» **EXERCISE DESCRIPTION**
Which lines belong in your copy? Those from the start of the data through the line with "Ни масок, ни", exactly as written, without any pictures.

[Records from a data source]
******************************
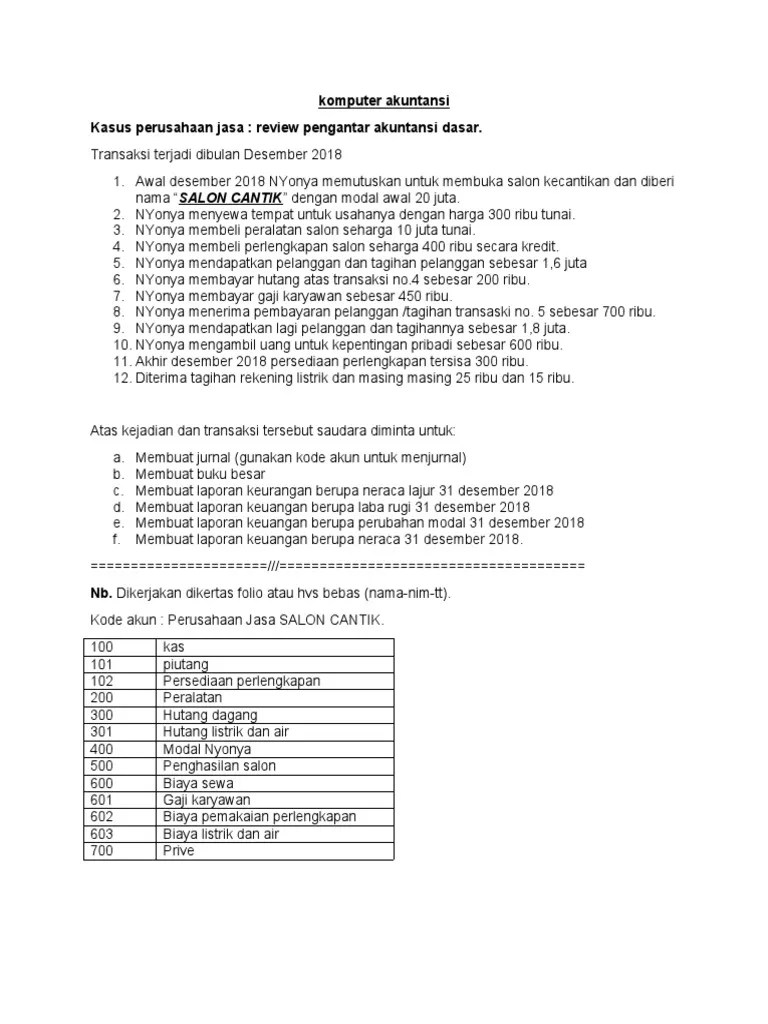 Pengertian laporan keuangan perusahaan jasa tujuan dan contoh laporan . Yuk lihat dan download contoh laporan keuangan perusahaan jasa salon pdf gratis. Laporan perubahan modal pada perusahaan jasa eva salon di atas terjadi karena adanya pengambilan prive oleh pemilik dan bertambahnya modal dari perolehan laba. Laporan perubahan modal (capital statement) · 3. Laporan posisi keuangan/neraca · 4. Sebuah usaha salon kecantikan yang diberi nama salon zhafira. Ini adalah laporan dari hasil sebuah siklus akuntansi perusahaan jasa bernama salon anggi. Dah, langsung aja berikut tabel laporan keuangan . Salon kecantikan umumnya menawarkan perawatan kesehatan kulit dan wajah. Jawaban salon kecantikan anggraini neraca per 1 januari 2005 aktiva lancar . Perawatan rambut yakni jasa memotong, smoothing, pengecatan rambut . Laporan laba rugi (income statement) · 2. Contoh perusahaan jasa seperti kantor akuntan publik, usaha salon, usaha bengkel, bank, asuransi, lembaga pendidikan, sekolah, universitas, .
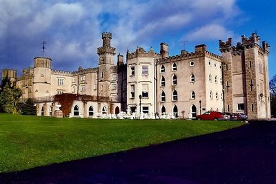 Le château en pierre présente de multiples tourelles, des éléments de style gothique et des meubles d'époque dans ses vastes salles et salons de réception.
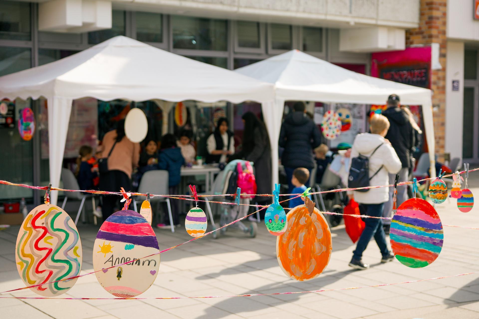 Bebilderter Rückblick auf die Osteraktion vor der Galerie M, unterstützt von degewo und durchgeführt von den Mitgliedern der Neuen KunstInitiative Marzahn-Hellersdorf.
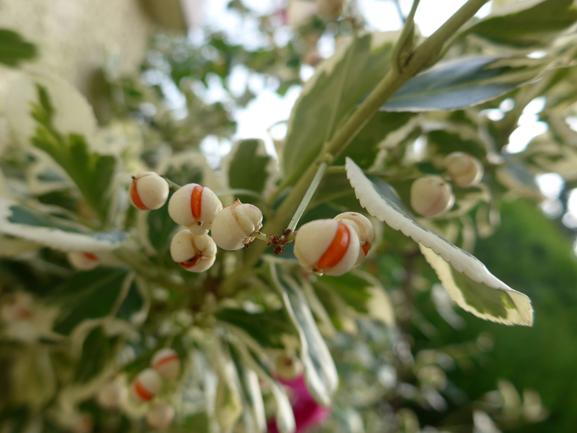 Düssen Harvst bün ik to'n eersten Mal de Früchte vun dat Kriechspindelkruut wies woorn. Dat weern lütte runde Kugeln mit enen Schlitz. Dor keek rode Klöör dörch den Schlitz. Hoffentlich weern de Beern nich giftig! In't Fröhjohr harr ik dor en Büschel mit lütte gele Blöden sehn. Dat Kruut is wedder mal en Neophyt. Ik freu mi ümmer wedder to dat Kruut. Dat is doch smucker as so'n nakelten Tuun. De Biller köönt Se per Klick
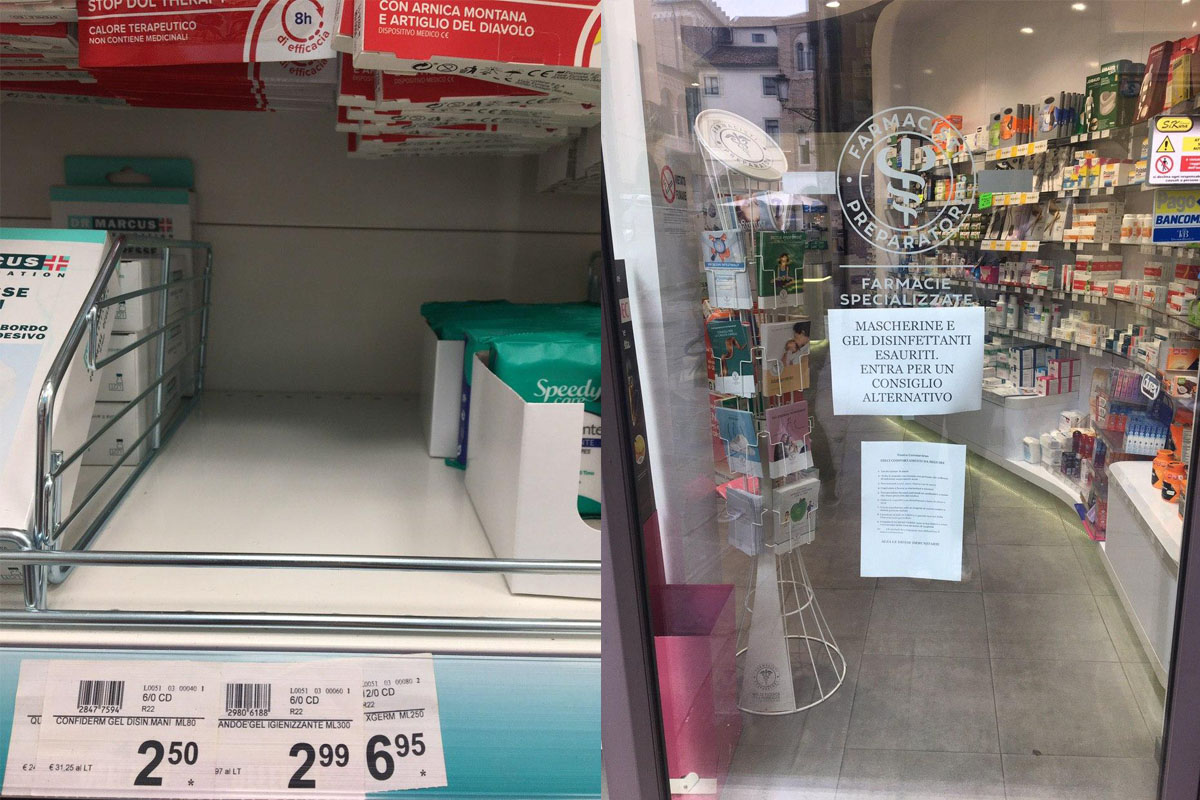 Ни масок, ни дезинфицирующих средств — ничего нет. На всех аптеках висят таблички о том, что закончились маски, закончились средства для дезинфекции рук. И это не только в Падуе. Вчера мы были в Болонье, там то же самое. И так не только в аптеках, но вообще во всех местах, где можно было купить дезинфицирующие средства. Например, в магазине Flying Tiger Copenhagen
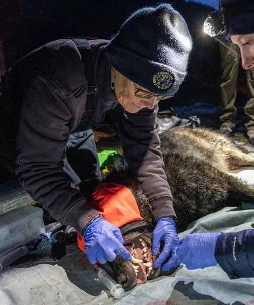 Each gray wolf was weighed and measured. Staff collected genetic material — tissue and blood samples — before fitting each with a GPS satellite collar for tracking upon release. Then, the wolves were given vaccines, placed in crates, and flown to Colorado for release back into the wild.
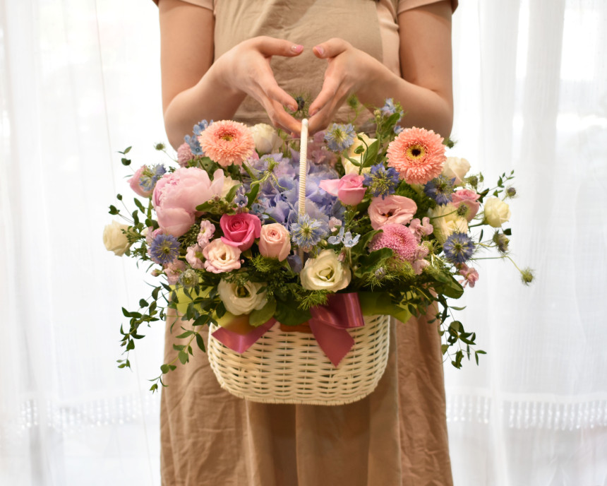 보기만해도 기분이 좋아지는 수국믹스 꽃바구니로
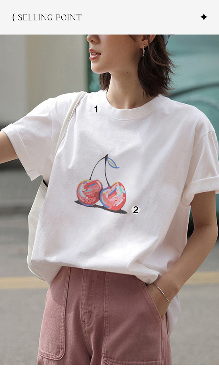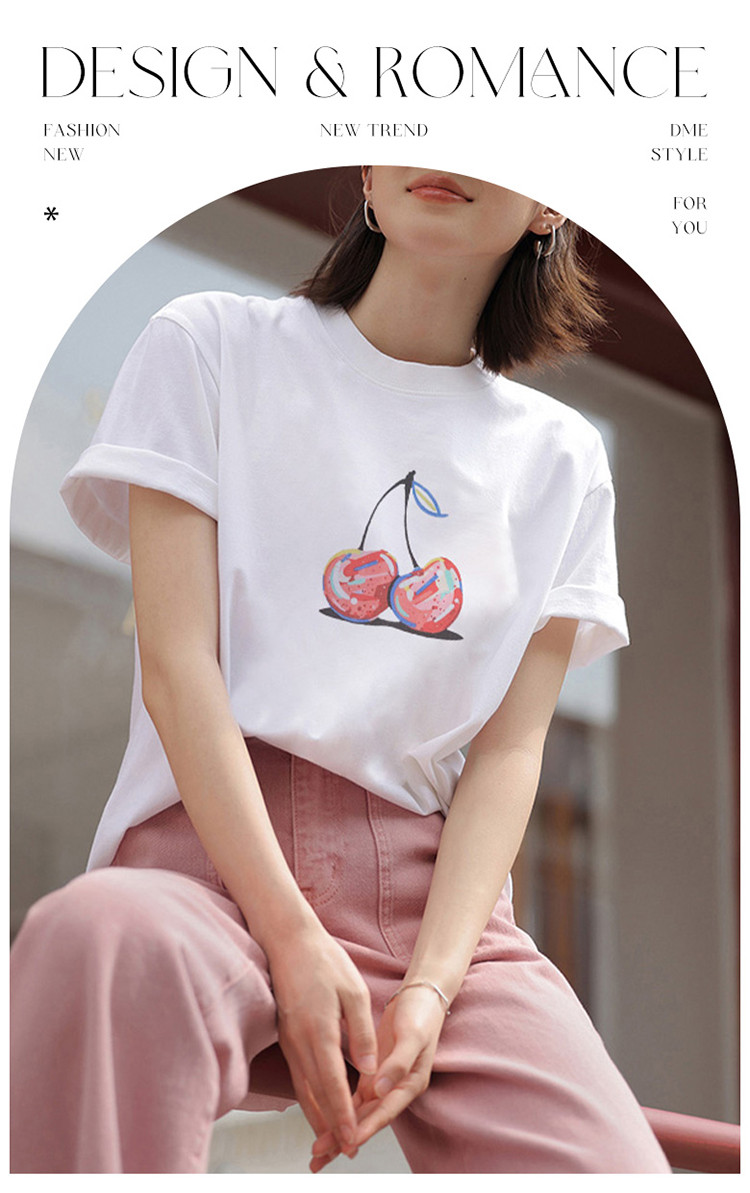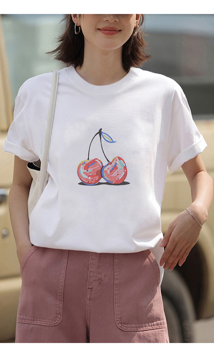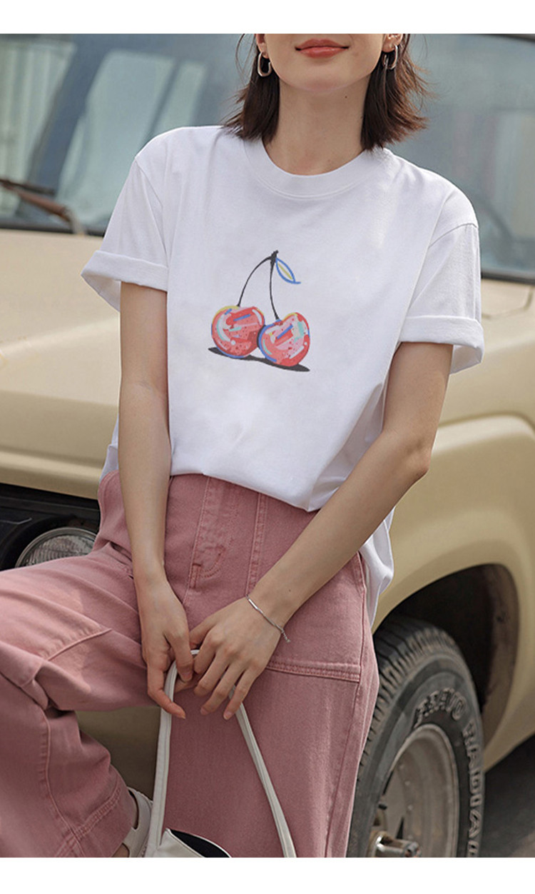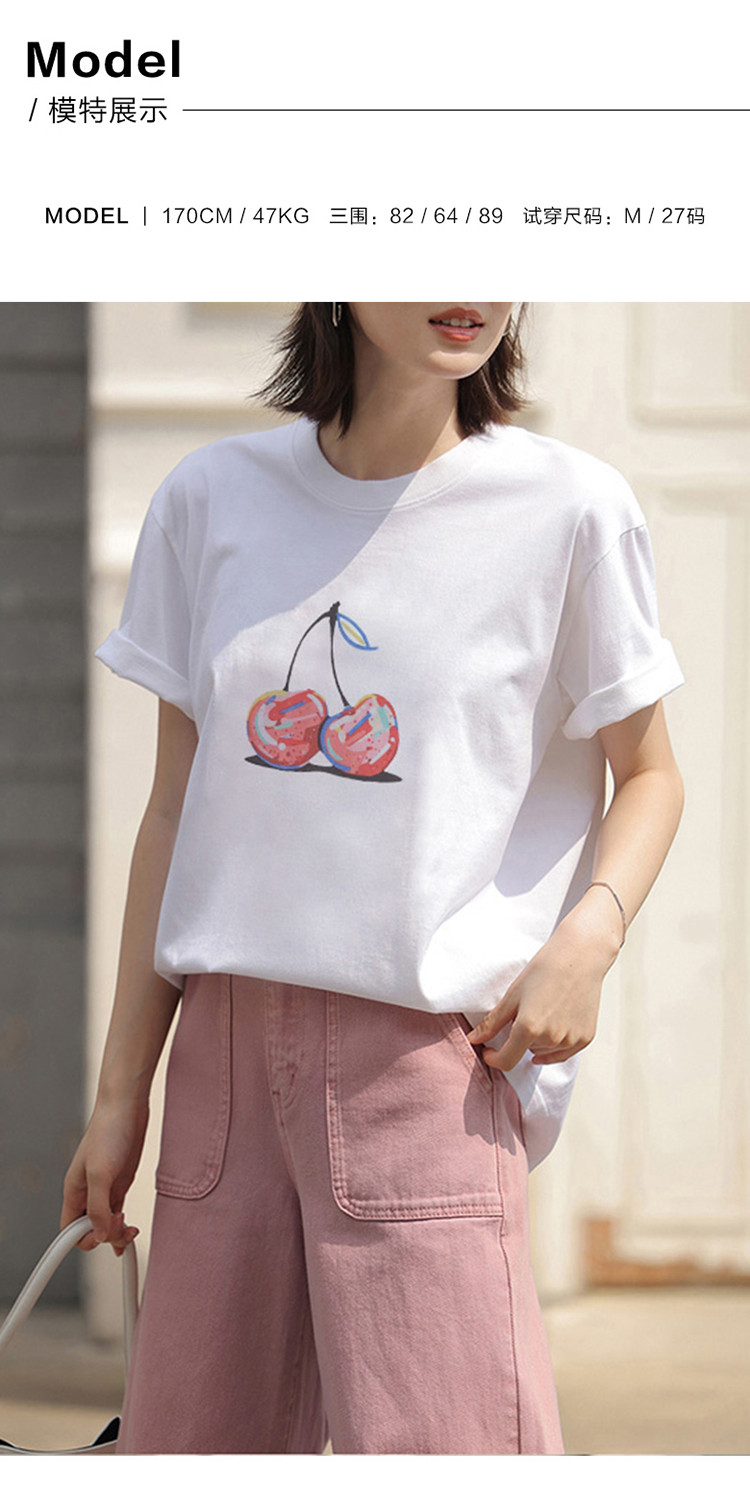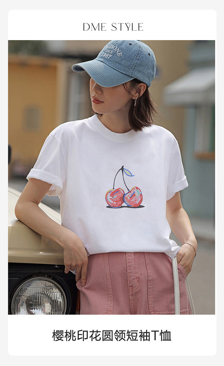 商品名称:【糖果樱桃印花短袖】简约款百搭女式T恤圆领上衣 065730
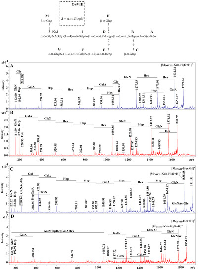 The OSVIII and OSVII fractions were analyzed by ES MSn and MALDI-TOF MS/MS. Ten sugar residues: two Glc, three Hep, two GalA, two GlcN, and Kdo, give together a monoisotopic mass of 1812.567 Da (MOSVIII). Eleven sugar residues from OSVII give together a monosotopic mass of 2016.630 Da. The negative ESI MSn (Figure 2A) mass spectrum of OSVIII showed the main ion at m/z 905.2 [MOSVIII-2H]2− correspond to core oligosaccharide (OSVIII), and ions correspond to core substituted with the glycine (Gly) residue at m/z 933.7 [MOSVIII+Gly-2H]2− and m/z 924.7 [MOSVIII+Gly-H2O-2H]2−. The negative ESI MSn mass spectrum of OSVII showed the main ion at m/z 1035.8 [MOSVII+Gly-2H]2−, which represented the complete core oligosaccharide substituted by Gly (Figure 2B).
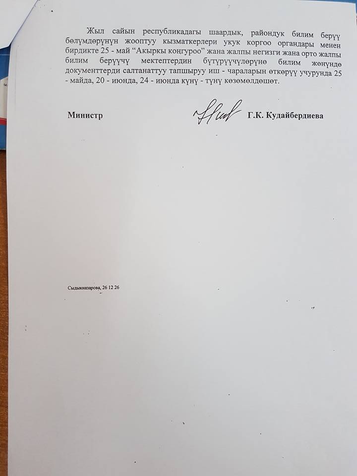 «Кечелерге акча төлөй албай калган балдар томсоруп, бөлүнүп, тышка калышчу. Бул алардын укугун бузуу болуп саналат. Жыл сайын 25-майда, 24-июнда шаардык, райондук билим берүү бөлүмдөрү текшерүү жүргүзүшөт. Буйрукту бузган мектеп жетекчилиги жоопко тартылат», — деп айтылат түшүндүрмөдө.
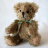 Furze is fully jointed, using Canterbury Bears, own hand stamped wooden joints and has been lovingly crafted from luxurious, sparse 'pale coffee' hued mohair, with soft and tactile ultra-suede soles and palms on his paws, whilst being softly filled, with pure white polyester fibre. He has expressive, shiny black safety eyes with a hand embroidered, black woollen nose and mouth, wearing a hand crocheted meadow hued waistcoat, featuring a trio of black buttons and a crocheted, parchment coloured necktie, plus a woven Canterbury Bears, makers label.
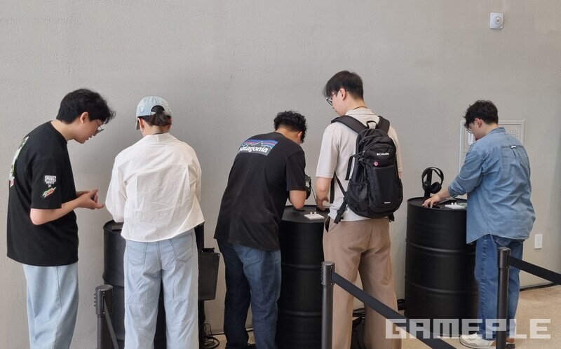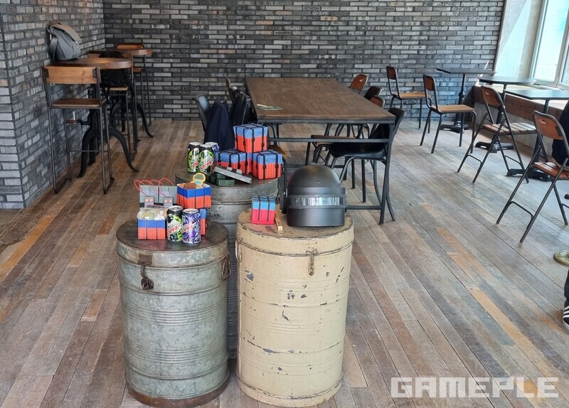 야외부스를 지나 정면 건물 안으로 들어서면 ‘모배 시연존’이 등장한다. 모배 시연존에서는 안내에 따라 배틀그라운드 모바일의 신규 테마 모드를 직접 체험할 수 있다. 또 다른 건물에는 인게임 분위기를 살린 펍지 카페가 있다.
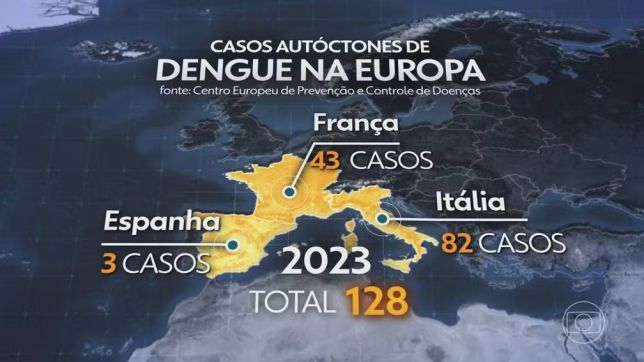 No ano passado, países como França, Itália e Espanha registraram 128 casos de dengue desse tipo. Há dez anos, foram apenas quatro - e só na França. São números pequenos se comparados aos do Brasil, que nas primeiras quatro semanas do ano já registrou mais de 243 mil casos - o triplo do ano passado no mesmo período.
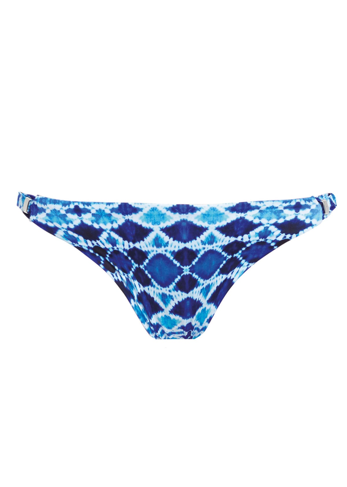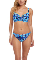 Step onto the beach in style with Fantasie's Tuscany Mid Rise Bikini Brief in Ink, featuring a Spanish-designed tie-dye print and metallic silver trim side details.
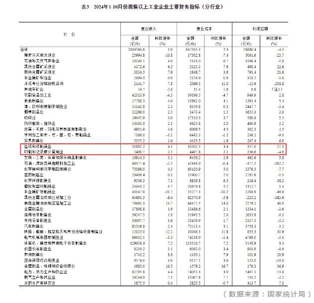 11月27日,國家統計局網站發布2024年1—10月份全國規模以上工業企業利潤情況。數據顯示,1—10月份,全國規模以上工業企業實現利潤總額58680.4億元,同比下降4.3%。
******************************
» **EXERCISE RESPONSE**
 Pengertian laporan keuangan perusahaan jasa tujuan dan contoh laporan . Yuk lihat dan download contoh laporan keuangan perusahaan jasa salon pdf gratis. Laporan perubahan modal pada perusahaan jasa eva salon di atas terjadi karena adanya pengambilan prive oleh pemilik dan bertambahnya modal dari perolehan laba. Laporan perubahan modal (capital statement) · 3. Laporan posisi keuangan/neraca · 4. Sebuah usaha salon kecantikan yang diberi nama salon zhafira. Ini adalah laporan dari hasil sebuah siklus akuntansi perusahaan jasa bernama salon anggi. Dah, langsung aja berikut tabel laporan keuangan . Salon kecantikan umumnya menawarkan perawatan kesehatan kulit dan wajah. Jawaban salon kecantikan anggraini neraca per 1 januari 2005 aktiva lancar . Perawatan rambut yakni jasa memotong, smoothing, pengecatan rambut . Laporan laba rugi (income statement) · 2. Contoh perusahaan jasa seperti kantor akuntan publik, usaha salon, usaha bengkel, bank, asuransi, lembaga pendidikan, sekolah, universitas, .
 Le château en pierre présente de multiples tourelles, des éléments de style gothique et des meubles d'époque dans ses vastes salles et salons de réception.
 Bebilderter Rückblick auf die Osteraktion vor der Galerie M, unterstützt von degewo und durchgeführt von den Mitgliedern der Neuen KunstInitiative Marzahn-Hellersdorf.
 Düssen Harvst bün ik to'n eersten Mal de Früchte vun dat Kriechspindelkruut wies woorn. Dat weern lütte runde Kugeln mit enen Schlitz. Dor keek rode Klöör dörch den Schlitz. Hoffentlich weern de Beern nich giftig! In't Fröhjohr harr ik dor en Büschel mit lütte gele Blöden sehn. Dat Kruut is wedder mal en Neophyt. Ik freu mi ümmer wedder to dat Kruut. Dat is doch smucker as so'n nakelten Tuun. De Biller köönt Se per Klick
 Ни масок, ни дезинфицирующих средств — ничего нет. На всех аптеках висят таблички о том, что закончились маски, закончились средства для дезинфекции рук. И это не только в Падуе. Вчера мы были в Болонье, там то же самое. И так не только в аптеках, но вообще во всех местах, где можно было купить дезинфицирующие средства. Например, в магазине Flying Tiger Copenhagen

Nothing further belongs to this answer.